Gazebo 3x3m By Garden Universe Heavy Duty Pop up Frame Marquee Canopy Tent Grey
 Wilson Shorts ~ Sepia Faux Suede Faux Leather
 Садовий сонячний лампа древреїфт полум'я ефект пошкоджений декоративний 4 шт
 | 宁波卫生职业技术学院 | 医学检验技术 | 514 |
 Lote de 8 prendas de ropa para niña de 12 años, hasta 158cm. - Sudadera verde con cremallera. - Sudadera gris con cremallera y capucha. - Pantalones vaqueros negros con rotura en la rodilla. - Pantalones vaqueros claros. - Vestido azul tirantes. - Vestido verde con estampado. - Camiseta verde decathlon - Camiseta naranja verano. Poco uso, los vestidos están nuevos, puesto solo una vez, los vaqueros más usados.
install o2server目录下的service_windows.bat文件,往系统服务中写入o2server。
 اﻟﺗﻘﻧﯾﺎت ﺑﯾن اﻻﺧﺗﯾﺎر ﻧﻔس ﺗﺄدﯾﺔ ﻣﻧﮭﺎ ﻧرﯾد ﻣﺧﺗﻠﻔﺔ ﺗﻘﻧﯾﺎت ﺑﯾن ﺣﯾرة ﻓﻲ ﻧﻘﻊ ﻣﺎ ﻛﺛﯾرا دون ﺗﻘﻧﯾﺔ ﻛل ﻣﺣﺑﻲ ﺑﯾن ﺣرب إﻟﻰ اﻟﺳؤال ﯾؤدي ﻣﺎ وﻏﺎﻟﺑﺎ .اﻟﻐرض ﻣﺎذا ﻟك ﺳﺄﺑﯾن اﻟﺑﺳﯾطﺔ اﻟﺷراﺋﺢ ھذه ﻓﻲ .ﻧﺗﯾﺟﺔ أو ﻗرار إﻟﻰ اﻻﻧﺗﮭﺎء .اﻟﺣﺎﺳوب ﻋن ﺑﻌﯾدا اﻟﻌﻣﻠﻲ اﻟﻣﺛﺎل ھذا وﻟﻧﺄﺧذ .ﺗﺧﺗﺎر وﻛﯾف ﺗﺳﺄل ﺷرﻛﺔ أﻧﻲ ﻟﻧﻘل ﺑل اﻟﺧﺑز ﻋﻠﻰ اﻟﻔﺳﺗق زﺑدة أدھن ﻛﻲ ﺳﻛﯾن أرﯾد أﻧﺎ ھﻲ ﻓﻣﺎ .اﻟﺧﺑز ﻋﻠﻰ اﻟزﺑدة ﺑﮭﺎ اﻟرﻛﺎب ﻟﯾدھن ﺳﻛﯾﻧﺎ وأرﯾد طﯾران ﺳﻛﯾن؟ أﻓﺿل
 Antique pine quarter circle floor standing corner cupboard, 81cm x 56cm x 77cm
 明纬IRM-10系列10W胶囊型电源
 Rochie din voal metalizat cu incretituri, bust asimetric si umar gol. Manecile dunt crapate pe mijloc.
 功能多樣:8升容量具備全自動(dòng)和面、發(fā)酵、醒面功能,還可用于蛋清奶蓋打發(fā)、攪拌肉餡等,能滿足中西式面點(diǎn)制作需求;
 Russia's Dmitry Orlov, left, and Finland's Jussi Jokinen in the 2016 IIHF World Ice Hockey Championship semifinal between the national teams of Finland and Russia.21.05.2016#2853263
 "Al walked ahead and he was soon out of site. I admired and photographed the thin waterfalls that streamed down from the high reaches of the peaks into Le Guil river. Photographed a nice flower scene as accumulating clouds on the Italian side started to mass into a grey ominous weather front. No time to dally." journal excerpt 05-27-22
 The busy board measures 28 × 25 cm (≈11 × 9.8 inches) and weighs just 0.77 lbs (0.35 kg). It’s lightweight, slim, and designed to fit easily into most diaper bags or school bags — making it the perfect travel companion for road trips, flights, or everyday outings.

▶ **ASSIGNED TASK**:
Output each line of the records above exactly, beginning at the first, and stop once the line containing "医学检验技术 | 514 |" has been output.

▶ **RESPONSE TO THIS TASK**:
Gazebo 3x3m By Garden Universe Heavy Duty Pop up Frame Marquee Canopy Tent Grey
 Wilson Shorts ~ Sepia Faux Suede Faux Leather
 Садовий сонячний лампа древреїфт полум'я ефект пошкоджений декоративний 4 шт
 | 宁波卫生职业技术学院 | 医学检验技术 | 514 |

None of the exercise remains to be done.